Барыня уходит в табор | Страница: 61

  • Georgia
  • Verdana
  • Tahoma
  • Symbol
  • Arial
16
px

– Ты в своем уме, Олька? И так в чем душа держится, прозрачная вся. Устанешь, опять ночь промечешься. Хочешь читать – читай сама. А вы, голота, брысь отсюда!

«Голота» нехотя потянулась к двери. Макарьевна заботливо поправила Ольге подушки, придвинула ближе керосиновую лампу, постояла рядом, подождав, пока цыганка устроится с книгой на краю стола, и лишь тогда ушла обратно в кухню.

– Вот если бы и мне читать… – с завистью сказал на другой день Илья.
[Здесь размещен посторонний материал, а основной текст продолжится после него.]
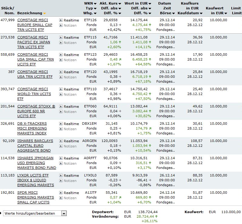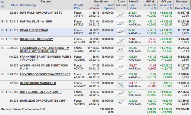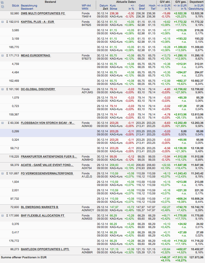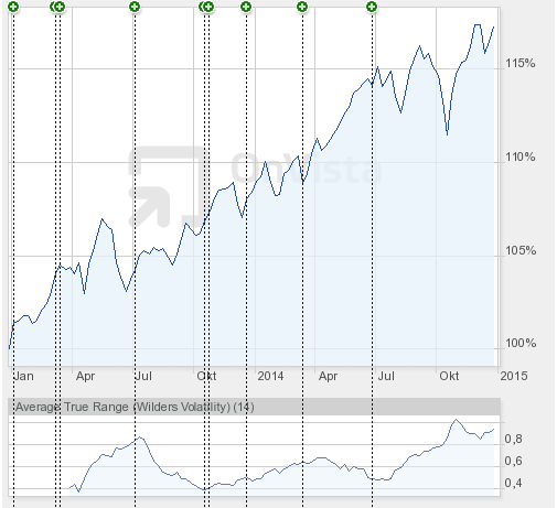 Hasenhirn Dezember 31, 2014 So seh'n Sieger aus! Allenfalls zweite Sieger. Echte lurchige Sieger sehen so aus Na gut. Der Lurch gewinnt die 2-Jahres-Saison mit +19,41% oder so. Spielverderber. Ich habe in meiner Verzweiflung noch einige Ausschüttungen aufgewischt und komme jetzt auf +16,27% meines ungeduschten (aber wohlriechenden) Hasenhaufens: Die Onvista-Volatilität (250 Tage?) liegt bei 4,05%, und der Wertverlauf sieht auch weiterhin gut aus: Hm, vielleicht lasse ich die Mannschaft auch 2015 unverändert. Die angestrebten 7 Prozent pro Jahr schaffen die Jungs bisher ja ganz gut... Wer hat noch einen Spielstand zu melden? Grüße, H. Diesen Beitrag teilen Link zum Beitrag
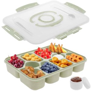 Tcwhniev Snackle Box Container, 10-Compartment Divided Serving Tray with Lid and 1 Fork, 1 Spoon, Built-in 2 Sauce Containers, Portable Snack Tray for Party, Picnic, Perfect for Fruit, Candy and Trea
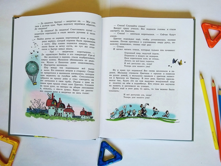 Сюжет, я думаю, пересказывать не нужно? Это как раз первая сказка о Незнайке, в которой коротышки построили воздушный шар, полетели на нем путешествовать и оказались в Зеленом городе. Из положительных, в воспитательном плане, моментов - затрагиваются темы дружбы между мальчиками и девочками, и умения прощать за разные, даже крупные проступки. А также много к вопросу "что такое хорошо, и что такое плохо": врать и обманывать - плохо, драться и обзываться - плохо, трудиться и помогать друг другу - хорошо, учиться - хорошо, ничего не знать - хоть и весело, но плохо, радоваться, веселиться, танцевать - хорошо. В общем, большая часть сюжетов и действий тем или иным образом касаются детей в возрасте старших дошкольников/младших школьников, и поэтому будут им интересны. И в ненавязчивой форме сказки донесут до ребенка правильные мысли и истины.
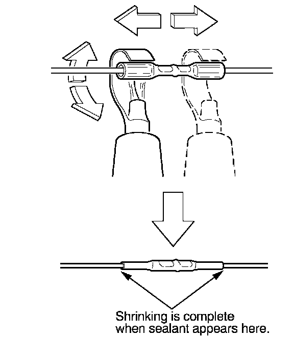 13. Plug in the heat gun, and turn it on. Start at the middle of the splice connector, and move the gun toward the ends as the tube shrinks. Apply heat evenly by rotating the curved heat spreader around the splice connector. Shrinking is complete when a small amount of sealant appears at each end of the tube.
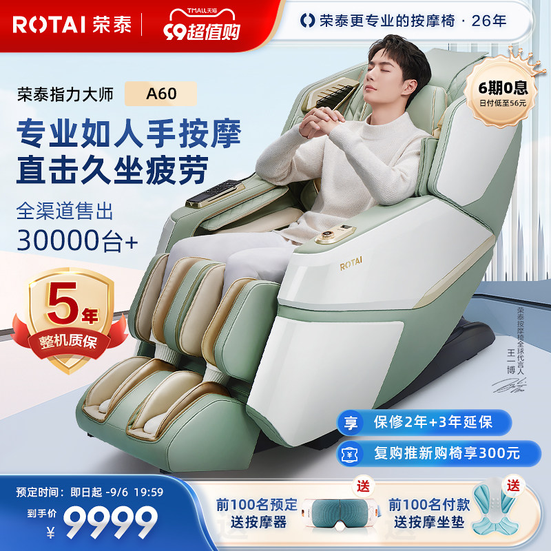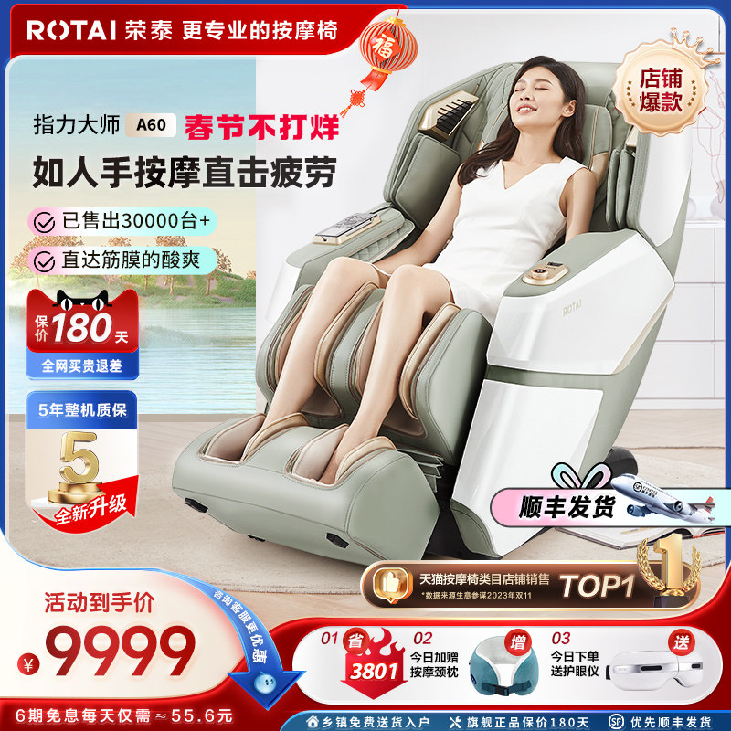 券 3200元销量20荣泰按摩椅家用全身豪华太空舱全自动多功能电动智能按摩沙发A60

Ольга, только что закончившая пересказывать ему и Кузьме «Ночь перед Рождеством», подняла брови:

– Совсем не умеешь?

Илья только вздохнул. В таборе, где никто не знал ни одной буквы и даже дед Корча сроду не держал в руках книжки, он не особенно мучился своей безграмотностью. Ему даже в голову не приходило сожалеть об этом. Но в Москве хоровые цыгане более-менее разбирались в грамоте, Илья видел книги у Митро и Насти, и даже Кузьма вполне сносно разбирал по складам названия вывесок. Сначала Илья считал, что выучится этому так же быстро, как игре на гитаре, но учитель азбуки из Кузьмы был никакой, а просить Митро или Настю было стыдно. Понемногу Илья смирился с тем, что, видно, придется ему помирать неученым, и даже убедил себя, что надобность в грамоте для ярмарочного кофаря невеликая. Но сейчас, жадно слушая приключения лихого кузнеца, оседлавшего черта, он снова пожалел о своей дремучести. Вот бы самому прочесть! Там, дальше в книжке, Ольга говорила, про русалок и колдунов… Да бог с ними, с колдунами, – хоть бы вывески читать!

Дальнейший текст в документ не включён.